Queen of Peace Pastor Father John Eze has one defining statement: “It is all by grace and mercy.” That statement is on a sign on the wall in his office.
Father Eze grew up in the eastern part of Nigeria “in a very strong Catholic home.” His family prayed together and attended daily Mass. “There was so much love and compassion,” he said of his family home. His father was a catechist helping with missions, putting up schools and churches. Father Eze used to tell people: “Dad was the justice of God and mom was the mercy of God, but I realized both together was synergy — offering both God’s mercy and justice.”
He believes that it is only because of God’s grace and mercy that he is where he is today.
Father Eze was attracted to the priesthood from a very young age. His godfather was a priest, which had a big influence on him. When he attended Mass at around six years old, he was so overcome with the feeling that he should be at the altar with the priest that he started running forward before his father caught him.
“My ardor was so strong, I was looking forward to a time when I could break away and run faster,” he recalled.
The priest saw the commotion he made during Mass and allowed him to come forward.
So he sat on the steps at the altar, and before long his siblings started calling him “Father John.”
When it was time to go to high school, his diocese announced the opening of a minor seminary. For Father Eze, it “was no difficult decision for me” to choose to attend. His parents, however, did not have the resources to send him.
He was so determined to go that he ran away at age 12, jumping in the back of a truck headed to the minor seminary four hours away. When he was discovered and said he wanted to be a priest, a priest brought him into the school. All he had with him was a pair of trousers and a shirt and had to borrow other items from classmates. After two weeks, the rector called him into his office where he told his story.
The rector replied that if God called him, he would find a way back. Unfortunately, he could not remain in the seminary. Back home his parish priest — a Canadian missionary — took over his seminary formation and said donations to the missions paid for his education.
The priest told him if he became a priest, “it would be a gift to the Church, but if I don’t, I’d have to pay it back so someone else could be taken care of.”
He was ordained a deacon in 1996 and a priest in 1997. He worked as an assistant to that same priest for three years. “It was a wonderful experience,” he said.
When he went to Rome with that same priest, it was his “first experience traveling outside my country.”
Fifteen years of his priesthood were spent in his home country before coming to the United States in 2011 on a visit arranged by a childhood friend from Nigeria. Father Eze always had a desire to visit the U.S., so his friend asked Father Glenn Kohrman, who was at St. Vincent de Paul, Elkhart at the time if he could come for a visit.
At the end of the trip, Father Kohrman asked if Father Eze could come back the next year while he was on sabbatical. Though it would be challenging financially, Father Eze was open to the idea and Father Kohrman assured him that the diocese would help him finance it and acquire a work visa.
“That was too good to say no to,” he said, and obtained his bishop’s permission to return.

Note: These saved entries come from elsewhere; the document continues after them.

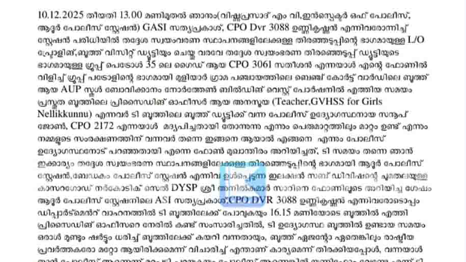കാസര്കോട്: മദ്യലഹരിയില് തെരഞ്ഞെടുപ്പ് ഡ്യൂട്ടിക്കെത്തി വനിതാ പ്രിസൈഡിംഗ് ഓഫീസറോട് മോശമായി പെരുമാറിയ കാഞ്ഞങ്ങാട് ബീറ്റാ കണ്ട്രോള് റൂമിലെ പൊലീസുകാരനെതിരെ ആദൂര് പൊലീസ് കേസെടുത്തു. ആദൂര് പൊലീസ് ഇന്സ്പെക്ടര് എം.വി വിഷ്ണുപ്രസാദിന്റെ പരാതി പ്രകാരമാണ് സിപിഒയായ സനൂപ് ജോണിനെതിരെ കേസെടുത്തത്. മുളിയാര് പഞ്ചായത്തിലെ ബെഞ്ച് കോര്ട്ട് വാര്ഡിലെ ബൂത്തായ ബോവിക്കാനം എ.യു.പി സ്കൂളില് ബുധനാഴ്ച വൈകുന്നേരം നാലരമണിയോടെയാണ് കേസിനാസ്പദമായ സംഭവം. ഇതേ കുറിച്ച് ആദൂര് പൊലീസ് രജിസ്റ്റര് ചെയ്ത കേസില് പറയുന്നത് ഇങ്ങനെ- ‘അധ്യാപികയായ അനസൂയയാണ് ബൂത്തിലെ പ്രിസൈഡിംഗ് ഓഫീസര് പ്രസ്തുത ബൂത്തില് ഡ്യൂട്ടിക്ക് എത്തിയതായിരുന്നു സനൂപ് ജോണ്. മുണ്ടും ഷര്ട്ടും ധരിച്ചാണ് ഇയാള് ബൂത്തിലെത്തിയത്. പ്രിസൈഡിംഗ് ഓഫീസര് ചോദ്യം ചെയ്തപ്പോള് പൊലീസ് ആണെന്നായിരുന്നു മറുപടി. പൊലീസാണെങ്കില് യൂണിഫോം വേണ്ടെയെന്നു ചോദിച്ചു. നിങ്ങള് എന്താ സാരിയുടുക്കാത്തതെന്നു പൊലീസുകാരന് തിരിച്ചു ചോദിച്ചു. ഈ വിവരം സ്ഥലത്ത് ഉണ്ടായിരുന്ന പൊലീസുകാരന് ഇലക്ഷന് സബ്ഡിവിഷന്റെ ചുമതലയുള്ള നാര്ക്കോട്ടിക് സെല് ഡിവൈ.എസ്.പി അനില് കുമാറിനെ ഫോണിലൂടെ അറിയിച്ചു. തുടര്ന്ന് ഇന്സ്പെക്ടര് എം.വി വിഷ്ണുപ്രസാദും സംഘവും ബൂത്തിലെത്തി. പ്രിസൈഡിംഗ് ഓഫീസറോട് സംഭവത്തെകുറിച്ച് വിശദമായി ചോദിച്ചറിഞ്ഞു. പൊലീസുകാരന് എന്നു പറഞ്ഞയാള് അകത്തു കിടക്കുന്നുണ്ടെന്നായിരുന്നു പ്രിസൈഡിംഗ് ഓഫീസര് പറഞ്ഞത്. തുടര്ന്ന് എ.എസ്.ഐ സത്യപ്രകാശന് പൊലീസുകാരനെ ബൂത്തിനു പുറത്തേക്ക് കൂട്ടിക്കൊണ്ടു വന്നു. മദ്യപിച്ചിട്ടുണ്ടോയെന്ന ചോദ്യത്തിന് ഞാന് ഇന്നു മദ്യപിച്ചിട്ടില്ല എന്നും ഇന്നലെ മദ്യപിച്ചിരുന്നുവെന്നും മറുപടി നല്കി. എന്നാല് സംസാരത്തില് മദ്യ ലഹരിയിലാണെന്നു വ്യക്തമായതോടെ മെഡിക്കല് ടെസ്റ്റ് നടത്താമെന്നു പറഞ്ഞു. യൂണിഫോം ഇട്ട് വരാമെന്നു പറഞ്ഞ് റസ്റ്റ് റൂമിലേക്ക് പോയ പൊലീസുകാരന് ബാഗുമായി പുറത്തിറങ്ങി ഓടി. ബൂത്തിനു പുറത്തു പാര്ക്ക് ചെയ്തിരുന്ന കാറുമായി അമിത വേഗതയില് രക്ഷപ്പെടുകയായിരുന്നു. സ്ഥലത്ത് ഉണ്ടായിരുന്ന പൊലീസുകാരനെ തട്ടിത്തെറുപ്പിച്ചാണ് സനൂപ് ജോണ് സ്ഥലം വിട്ടത്.’ ബൂത്തില് മദ്യപിച്ചെത്തുകയും നാടകീയ രംഗങ്ങള് സൃഷ്ടിക്കുകയും ചെയ്ത പൊലീസുകാരനെതിരെ കര്ശന നടപടി ഉണ്ടാകുമെന്നാണ് സൂചന.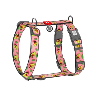 Шлея для собак WAUDOG Nylon анатомічна H-подібна з QR-паспортом "Авокадо на рожевому" пластиковий фастекс, L (345-4051)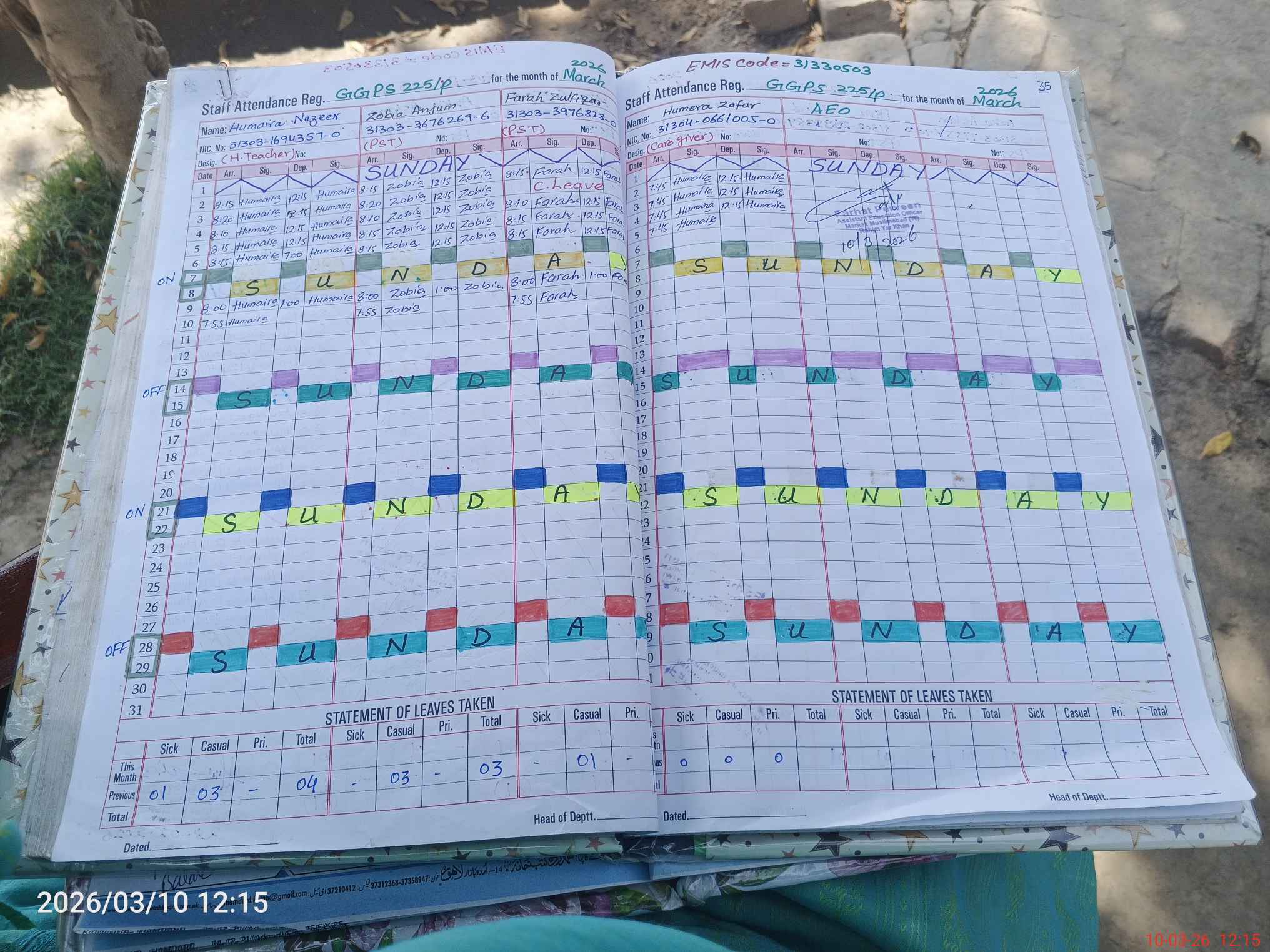 | Leave | Duty | Absent | Maternity | Medical | Ex- Pak |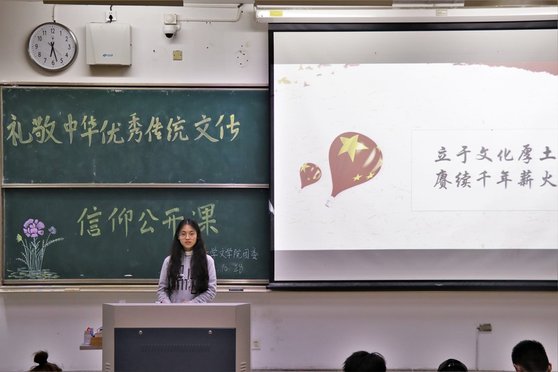 1029日晚7点,体育博彩 团委在4号楼205开展以“浸润传统文化,庚续民族精神”为主题的信仰公开课。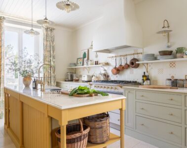 This is “island living” with a serious edge. It sheds the typical bright-white beach aesthetic for something moodier and far more grounded. Between the custom millwork and the warmth of the wood island, it feels like a space that honors its history while embracing a “lively,” sophisticated future. It’s relaxed, yes—but it’s dressed to impress.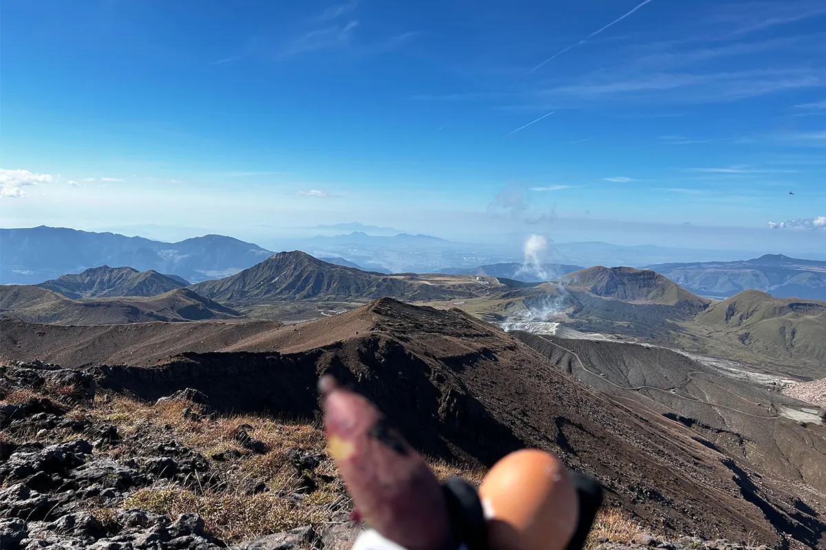 高岳では、宿でいただいた焼き芋と温泉卵を食べました。
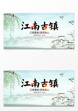 创意古风水墨江南古镇旅游展板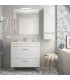 Lavabo fabricado en porcelana blanca que asegura la máxima resistencia al desgaste y color blanco puro para siempre. Espejo de luna pulida en medidas iguales al ancho del mueble. Aplique acabado en cromo brillo. Dispone de una luz led de 6w y con resistencia al agua IP 44. Sujeción multienganche.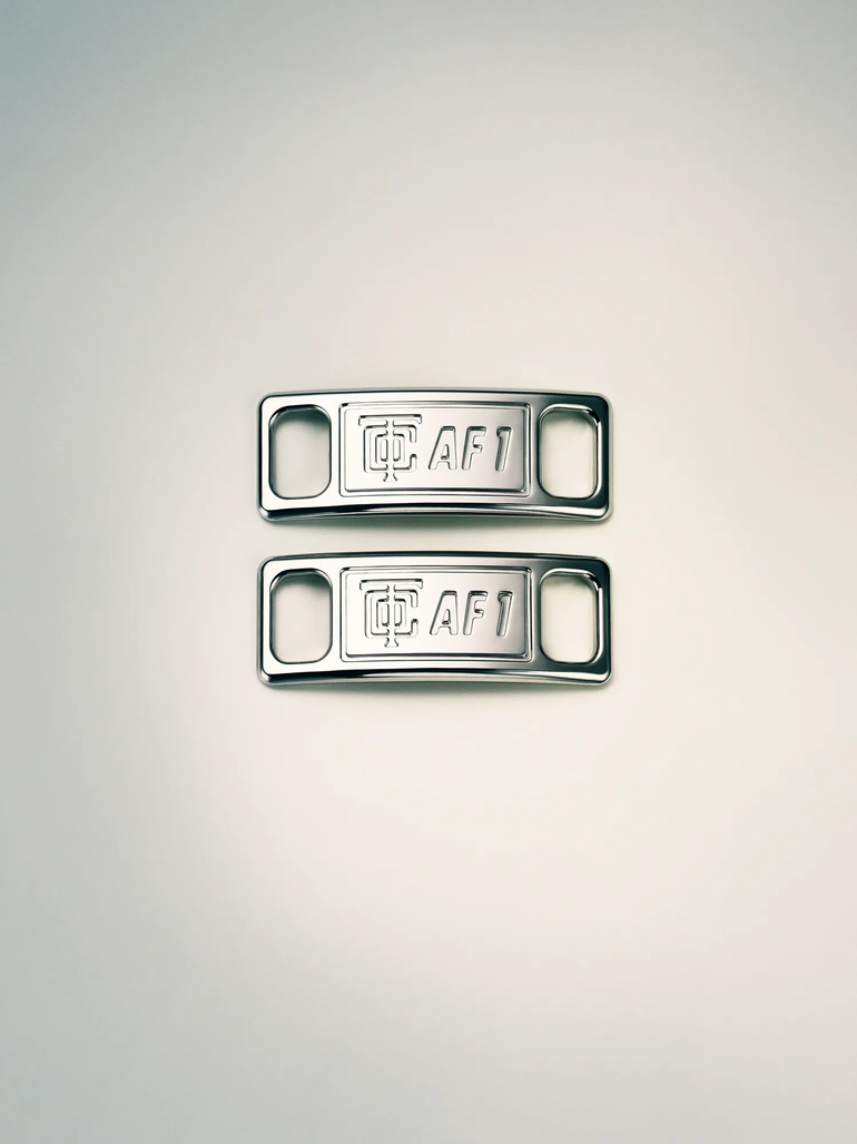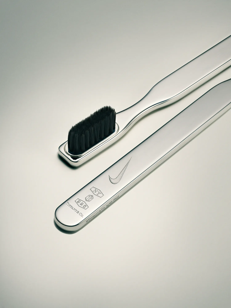 Besides the black suede Air Force1s, which come with sterling silver badges affixed to each heel, there’s an entire kit of sterling sneakerhead essentials, too: a shoe horn, a shoe brush, a whistle, and a dubrae.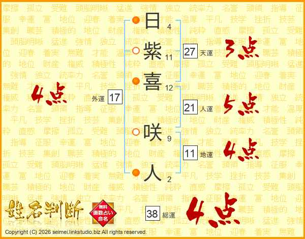 日紫喜咲人さんの総運は38画の4点!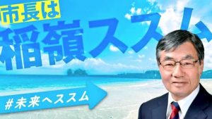 —Nago Mayoral Race: Incumbent anti-base candidate Susumu Inamine emphasizes the city’s pristine beaches in his campaign graphic, like Henoko beach that is scheduled to be destroyed by the construction of the US Marine air base.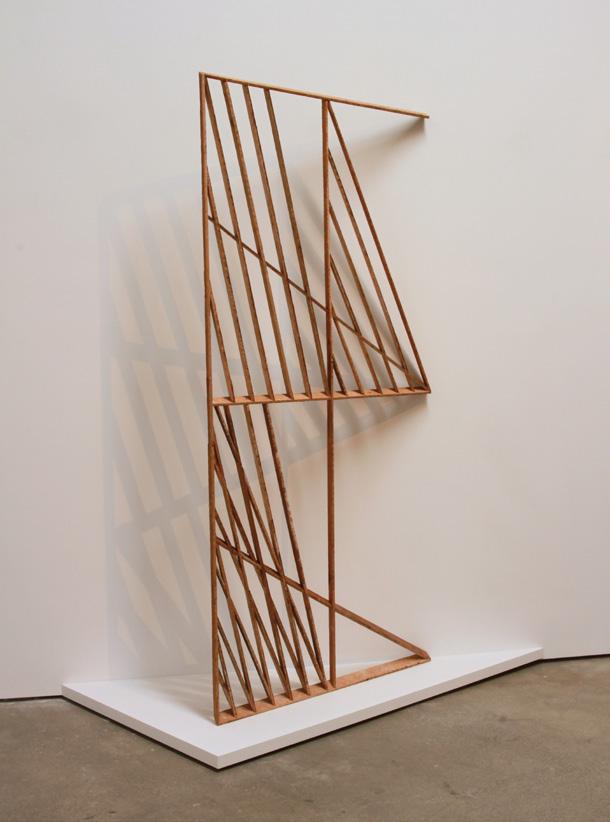 With rampant gentrification that has made it impossible for artists to find affordable housing or studio space in the city, Vogt turned his concern into an artistic opportunity. But the material he found also sparked a body of work that ranges from two-dimensional “drawings” and “sketches,” all made of strips of about one-inch-wide lath grouped together, to three-dimensional sculptures and site-specific installations.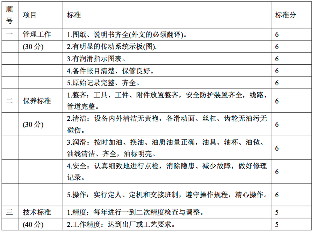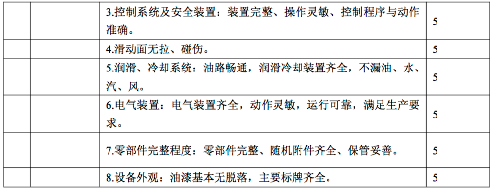 4. 根据设备在生产流程中的地位及设备本身的复杂程度,资产部每月对承包的设备保养状态和技术状态进行检查打分,公司把车间承包设备达标情况作为车间评优考核条件进行考核。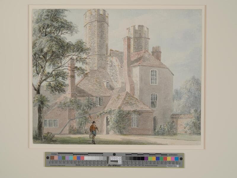 Watercolor over traces of graphite on laid paper Sandby’s precise delineation of the cemetery gate of the medieval monastery of St. Augustine in Canterbury reveals his early training as a military draftsman. However, he has composed the image in a way that goes beyond simple topography. The angle at which he views the structures is one that maximizes the visual interest of the subject. A wide variety of shapes—from the flat planes of the walls to the round towers to the arched windows—enliven the image. Textures range from the soft green leaves of the trees to the rough bricks of the chimneys to the even rougher stone of the towers. The emphasis on variety and irregularity places the drawing within the aesthetic category of the picturesque (2022).

Sabbaticals in Nigeria and the U.S. differed in length, though, a fact that he was not aware of at the time. When Father Kohrman returned, Father Eze asked if he could petition Bishop Kevin C. Rhoades for another assignment.
The timing could not have been better, as Father Dan Scheidt, then-pastor of Queen of Peace, Mishawaka, needed surgery, so Bishop Rhoades sent him there.
“I found great joy in coming to this family,” Father Eze said.
When he walked into the church, he saw the year 1997 on a wall — the year he was ordained –and the year 1969 on another wall — the year he was born. “Two important dates in my life were on the wall of this church. I thought, ‘God, I don’t know what you’re saying, but I think you’re saying something!’”
He was allowed to stay and was installed as Pastor of Queen of Peace in July of 2013. A few years after being installed as pastor, he came down with a life-threatening illness, ending up in a coma for three weeks and in the hospital for three months. Doctors even talked about taking him off life support, but his sister adamantly refused, and he recovered to continue his priestly ministry.
The most rewarding part of which, he said, is Eucharistic Adoration. In his younger years, he thought: “‘If God gives me the grace to be a priest I’ll make the Eucharist — especially Eucharistic adoration — the heartbeat of my ministry.’”
He has always had a “great love for clinical psychology” and in 2020 he asked the bishop if he could pursue a master’s degree in mental health counseling, which he is studying at Indiana University South Bend.
Father Eze had this advice for those discerning a vocation: “It’s God who calls and once God calls you, He gives grace. Do not rely on yourself; trust He’ll carry you through everything. Come the way you are; give yourself to God. No man or woman is a finished project — we’re all a work in progress.”
He will celebrate the 25th anniversary of his ordination on July 5, and for him, “It feels like yesterday — I must be having fun because time has flown!”